Black leaders on RPS boards have shared the challenges that they have faced as black pharmacists, arguing that visibility and representation is integral to delivering quality in the future.
At an online panel hosted by the Royal Pharmaceutical Society yesterday for Black History Month, speakers from across the UK argued that diversity at all levels of the pharmacy sector was important not only for the profession, but for patients and the communities that pharmacies represent.
Tase Oputu, an English Pharmacy Board and RPS Assembly member and lead pharmacist for Medicines Commissioning and Pathways at Barts Health NHS Trust, described visibility and representation as a ‘no-brainer’, highlighting its importance in addressing health inequalities and delivering better outcomes for patients.
Ms Oputu said: ‘We are not just a minority, we are an integral part of society, and that means that we should also be an integral part of every single layer and strata there is of whatever you are part of: so your organisation, your geographical area that you live in.
‘We have a wealth of patients who are incredibly diverse,’ she added.
‘We need people to either be representative and seen or for people to have cultural intelligence, the ability to understand some of the aspects that we all experience in different ways to support healthcare, and address inequalities within healthcare.’
Lola Dabiri, a RPS Scotland Board member and a community superintendent pharmacist, independent prescriber and pharmacist advisor with NHS 24, argued that having diverse representation allowed people to imagine the future differently.
She said: ‘If you don't see someone that looks like yourself up there.
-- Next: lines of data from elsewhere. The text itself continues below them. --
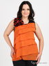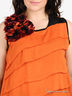 Детали: круглый вырез, без рукавов, сзади застегивается на пуговицу, полочка украшена декоративным цветком и многослойными рюшами
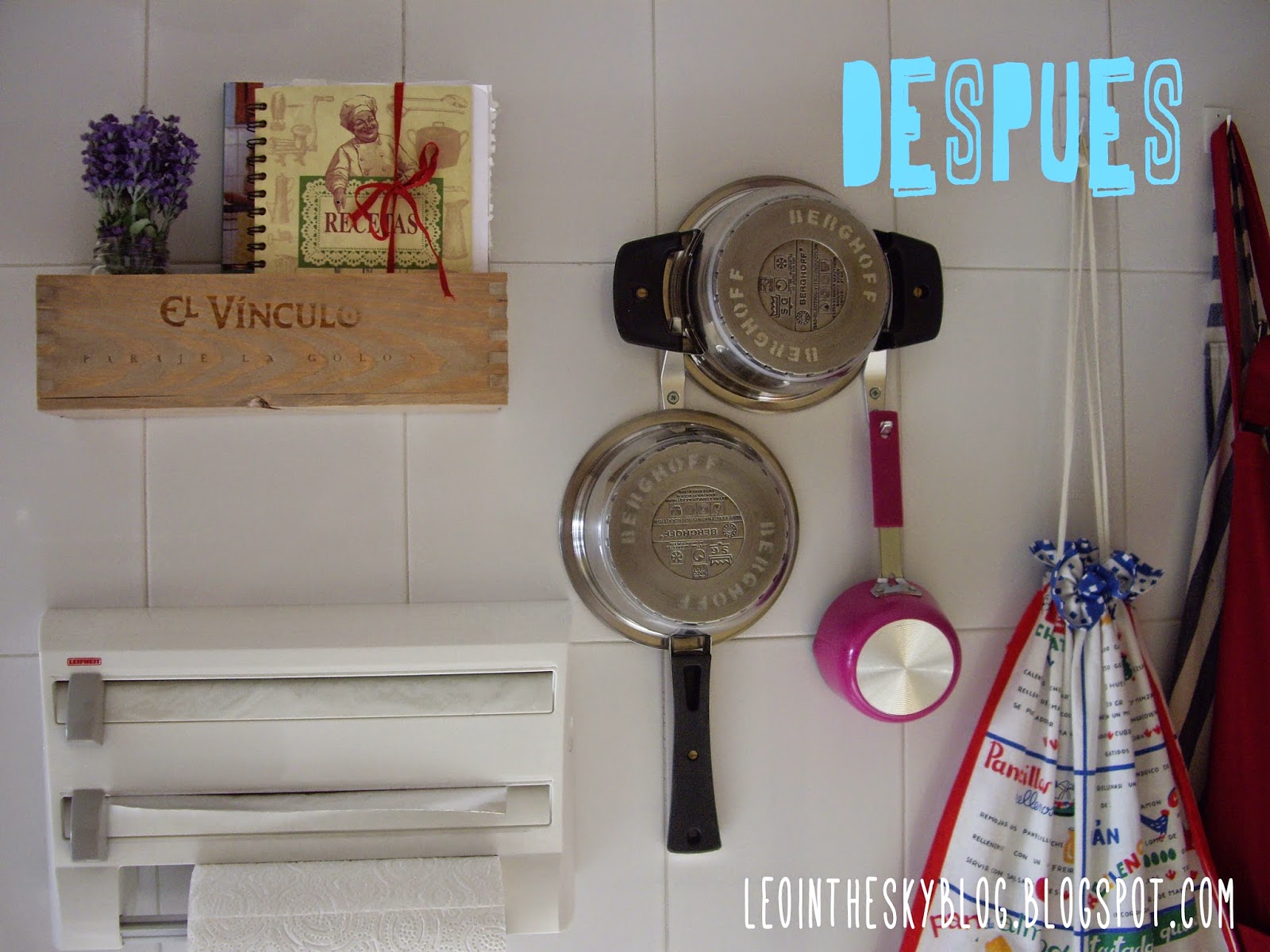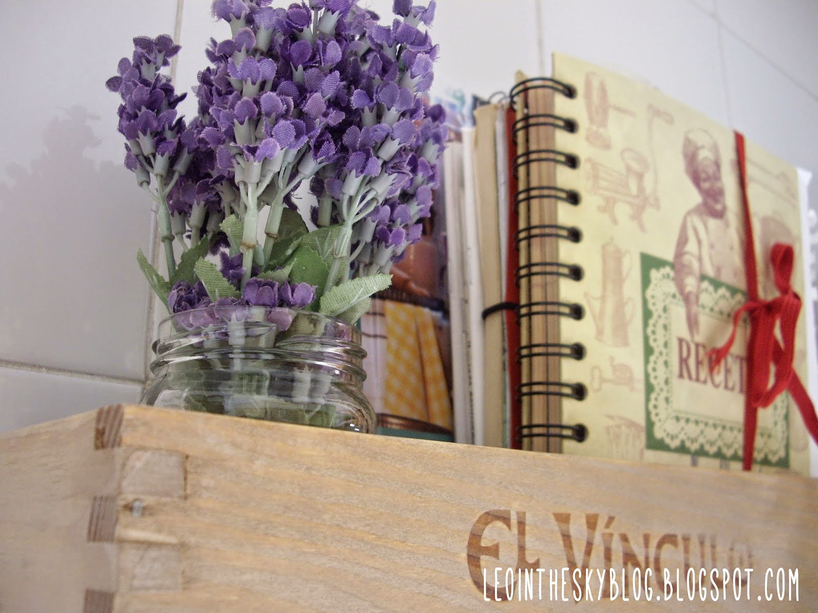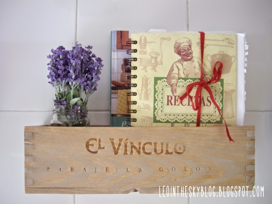 Tenía esta caja de vino desde hace por lo menos dos años..., el vino por supuesto nos lo bebimos antes.., por cierto muy rico :P y la caja estaba pululando por ahí sin rumbo fijo porque no sabía muy bien qué hacer con ella..., hasta que se me ocurrió usarla para cambiar el estante que tenía en la cocina y del que ya me había cansado, por esta caja que le da un toque más rústico y natural.
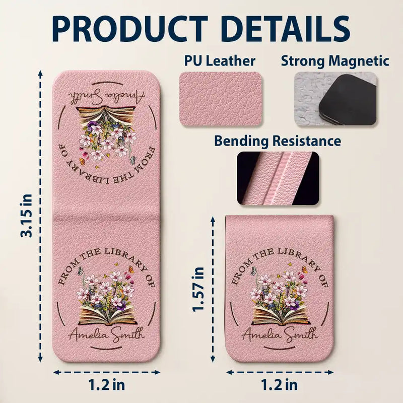 From The Library Of, Gift For Book Lovers - Personalized Leather Magnetic Bookmark
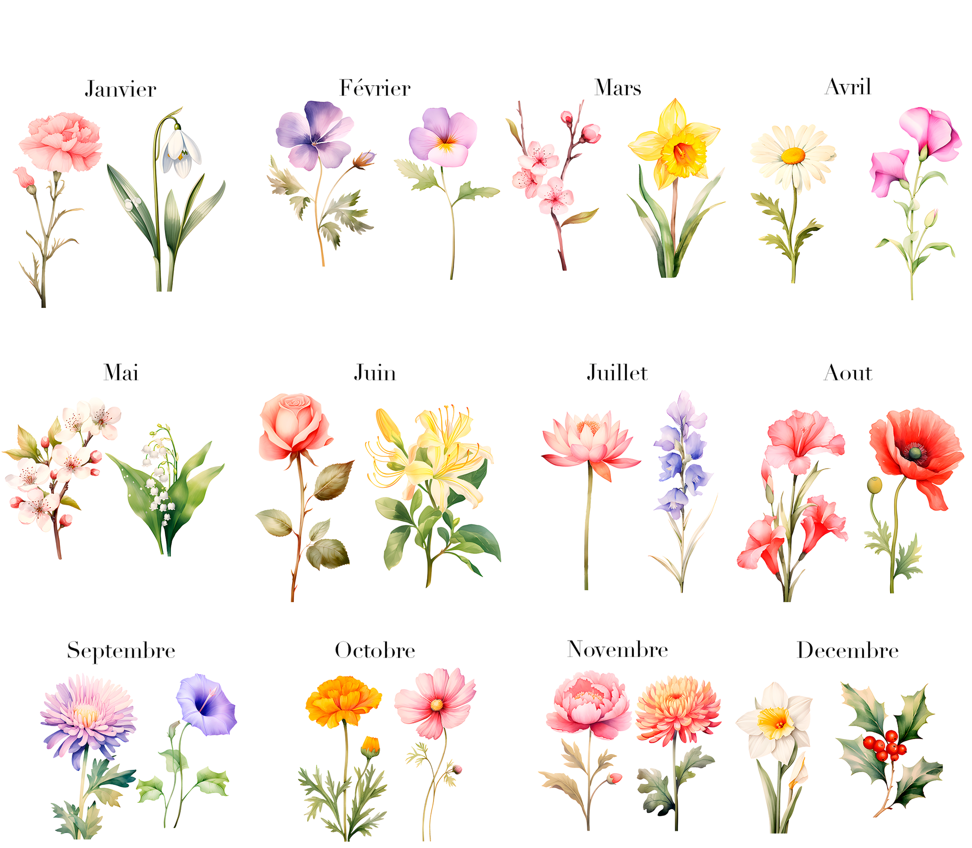 Représentez votre famille/groupe avec chaque fleurs de naissance.
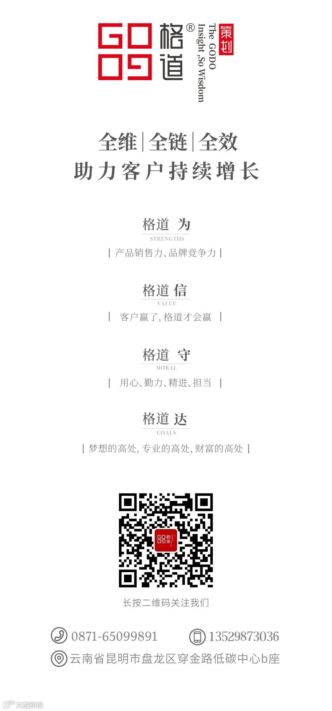 格道策划是一家为企业提供“三位一体”系统性专业服务的集全案营销策划与品牌管理顾问咨询于一身的本土实战公司,也是云南规模较大、专业性较强的品牌营销策划公司。
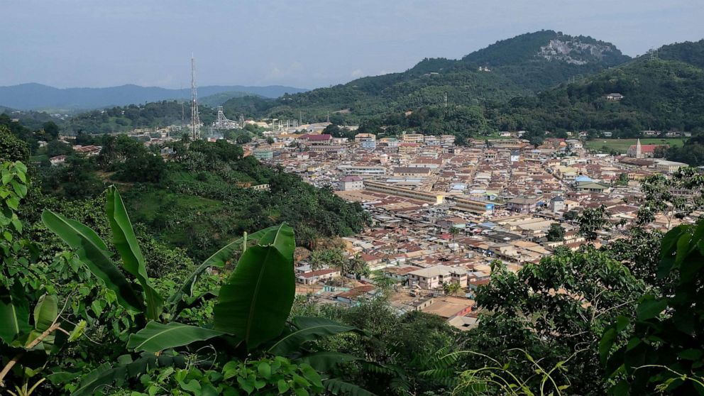 In this July 25, 2019, file photo, the gold-mining town of Obuasi, Ghana, is shown.
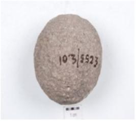 | Description / विवरण | A hammer stone made on basalt, circular in shape and pecking marks on surface. |
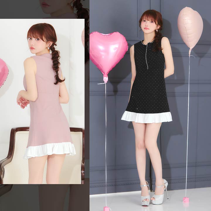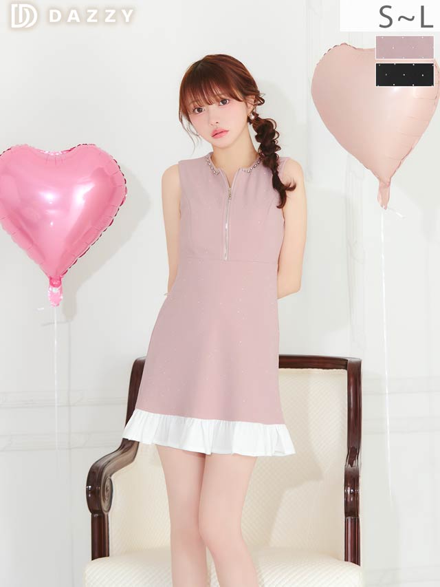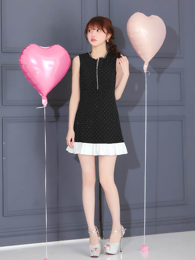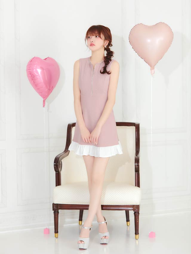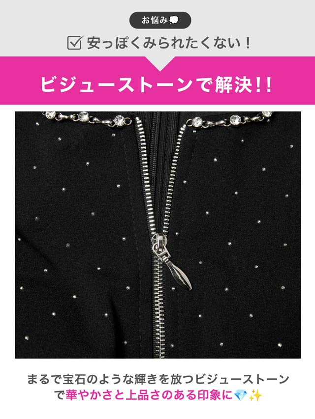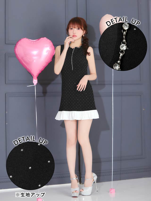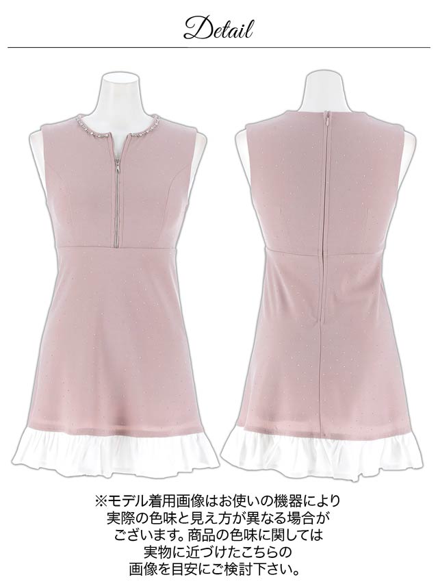 きらきらと輝くビジューストーンが華やかさを引き立てる上品可愛いキャバドレス。フロントジップを調節して、胸元の見せ方をお好みで変えられるのがポイント!裾のフリルがふんわりとした動きをプラスし、女性らしいシルエットを演出してくれる一着です。

Unconsciously the mind is just going to say: you can’t do that, because there’s nobody that looks like you that is there already.
‘So that is what it is for me, for us to have a future that will be diverse, a future that will have the benefit of different perspectives, a future that will be able to utilise the different perspectives from different cultures and from different value systems and put all of that in the mix to have a society that is successful.’
She said that it was important to continue to fight for representation, ‘otherwise, the future is going to be very boring’ and ‘will not deliver for the society in itself.’
Each of the panellists said that they had experienced both direct and indirect racism during their pharmacy careers.
Bayo Adegbite, community pharmacist and member of the RPS England board, shared one instance of working a locum shift in an area with few other black pharmacists when, despite having worked hard all day, other staff had told him that they would never have him back again.
‘I just couldn't figure out why’, said Mr Adegbite, adding that ‘the penny dropped’ when a friend suggested that it might have been due to his race.
‘Little things like that just kind of like shape your experiences in life, where you always remember that whatever you do, you just have to keep on at it and be the very best you can,’ he said.
Mr Adegbite said that representation for other and future pharmacists was part of the reason that he decided to stand for the RPS board a second time, despite not succeeding initially – and was successful in joining the English Pharmacy Board in May 2022.
‘I just felt I didn't want to let anyone down, to be honest, even let myself down or whoever would represent in the future,’ he explained.
‘You just [have to] keep on going till there's nowhere left, because if I didn't try a second time, we probably still won't have a black male member of the board. So, you know, we just have to keep on going,’ he added.
‘The beauty of what I see today, which I think we've achieved, which shouldn't be underestimated is any black pharmacist, pre-reg, trainee, pharmacy student, even people in secondary schools or primary school who are thinking of becoming a pharmacist – if they look at the RPS board, they'll be like, well, there's a black man there. I can do this. There's a black woman there, I can do this.’
He added that he himself was inspired by reading an article by Elsy Gomez, founder and president of the UK Black Pharmacist Association (UKBPA). ‘I was so impressed that someone could actually come out and put themselves out there at the risk of everything just to explain their story,’ he said.